When you’re picking up your child (from the ground, car seat, bassinet) be sure to get down on their level before picking them up. Bend those knees and maintain a neutral (straight) spine. Maintaining a neutral spine rather than rounding or hunching over when lifting any object of any size promotes safe spine position with body mechanics.

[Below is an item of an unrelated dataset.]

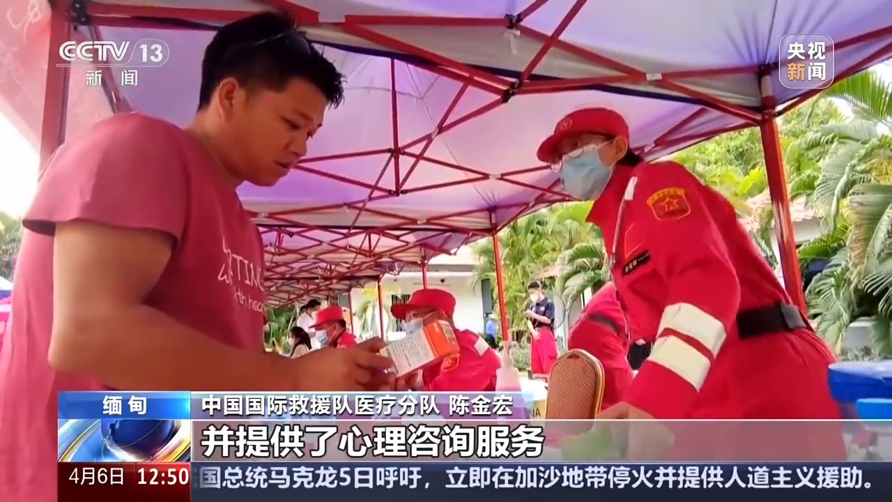 中國國際救援隊(duì)醫(yī)療分隊(duì) 陳金宏:今天我們來到這里,開展內(nèi)外婦兒診療,進(jìn)行防疫消殺的培訓(xùn),并提供了心理咨詢服務(wù),下一步結(jié)合曼德勒市傷情災(zāi)情,我們會(huì)持續(xù)為當(dāng)?shù)貫?zāi)民做好醫(yī)療服務(wù)。

The Power of Breathe and Emphasizing of Core Awareness
Throughout our days we are on the move from cooking, playing with the kids, housework, yardwork, computer work and we do a lot of things on autopilot without much thought to it. Especially with lifting we want to use our breathing to optimize our capacity to lift. Our breath, when done correctly can also promote core muscle function and awareness which can promote safe lifting and reduce symptoms of low back pain. Below is our ‘Lifting 101 Checklist’ and video on bodyweight squats with core and pelvic floor awareness you can go through to bring more awareness to your core and breathing while you lift.
LIFTING 101 Checklist
- Get up close and personal with the object.
- Take an inhale, let out a tiny bit of air off the inhale.

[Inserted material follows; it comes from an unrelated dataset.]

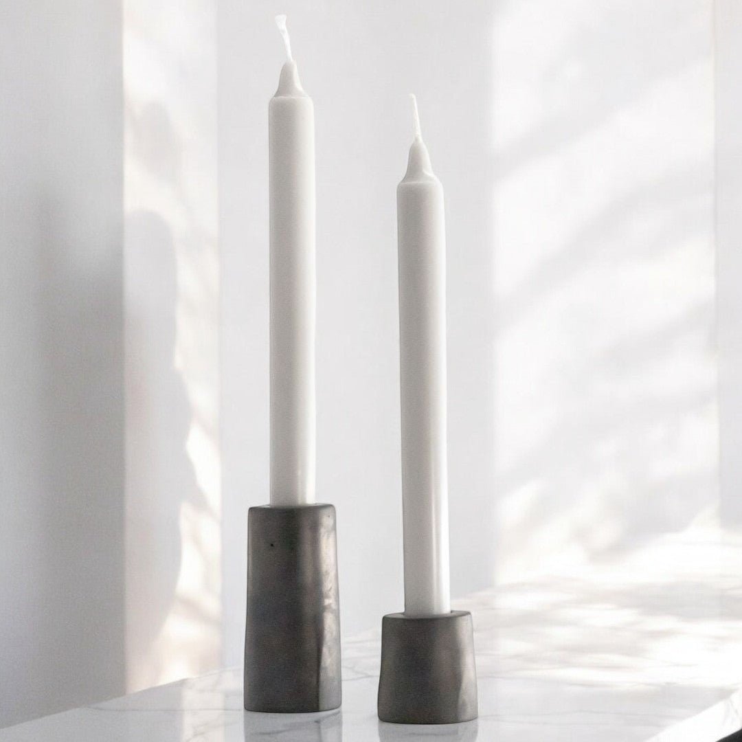Verwandle Deine Tischdeko – mit dem 2er Set Stabkerzenhalter STELLA von Manubeton. Diese minimalistischen Kerzenhalter sind dezent und trotzdem echte Hingucker. Gefertigt aus hochfestem, feinporigem Beton in den Farbtönen Grau und Anthrazit, strahlen sie eine natürliche, robuste Eleganz aus. Jedes Stück ist handgemacht und somit ein echtes Unikat, das die persönliche Note in Deinem Zuhause unterstreicht. Setze Deine Stabkerzen mit diesen zeitlosen Kerzenhaltern in Szene. Sie sind für alle Standard Stabkerzen geeignet.

- Brace core (TA brace) Match your breath with the task or exercise
- Maintain a neutral spine, hip hinge down to object
- Upon return to standing, exhale and bring more awareness to contracting the transverse abdominis (TA) and pelvic floor muscles (PFM) for increased core stabilization on ascent. Maintain the object close to the body with lift.
Bodyweight Squat with Pelvic Floor & Core Awareness
Again, a neutral spine is important and the hip hinge movement promotes using your hips for the movement rather than bending from your lumbar spine and promotes strong and safe lifting. An example of this to try is a Dowel Hip Hinge to learn the movement pattern. I would recommend 2 sets of 15 repetitions, emphasizing maintaining your neutral spine position and engaging your deep core muscles throughout. I recommend starting with bodyweight first to see how your body responds before adding weights.

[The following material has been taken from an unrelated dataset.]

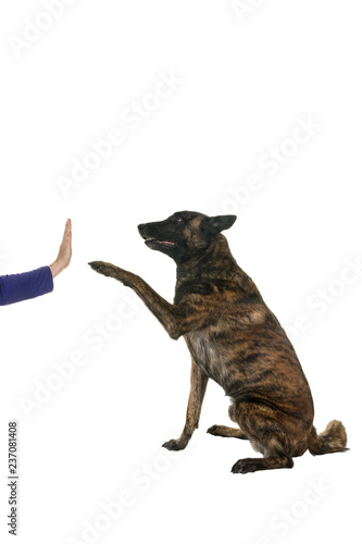 Portrait of a Dutch Shepherd dog, brindle coloring, isolated on a white background seen from aside doing a high five

BONUS: Hold Off the Hip Pop
Another helpful tip when it comes to carrying and holding your kids is to hold off the hip pop when you’re holding your child. By avoiding popping your hip out to the side as well as leaning your trunk backwards you are setting yourself up for success and promoting back health. Both of those postures are commonly seen in postpartum mothers. If you do find yourself holding your child on your hip, alternate to vary the load to your hips and low back. We also recommend encouraging your child when they are old enough to actively hold onto you rather than hanging on your body. This will encourage functional strength for your child and ease the load on you. Remember, you shouldn’t feel like you need to avoid holding your little ones or only tolerate holding them for a few minutes. With these tips you can feel strong, capable and confident to hold your child longer without the low back ache afterwards.
Practice. Practice. Practice. It may seem silly or redundant to practice these movements but the core muscle motor plan and muscle recruitment you are teaching your brain to do with these movements will allow for easier carryover to heavier objects. Your baby is going to grow like a weed and we want you to be prepared and feeling confident and strong to carry on in parenthood pain free.
Are you looking for more information about running and eliminating leaking? Download our Leakproof Running Guide for the Postpartum Woman HERE! This free pdf is filled with a step by step guide to get you back on the road to symptom free running with strength and confidence! We’re in your corner to provide encouragement and help you learn more about how your body can recover, heal and strengthen to build movement confidence in your life as an active mother.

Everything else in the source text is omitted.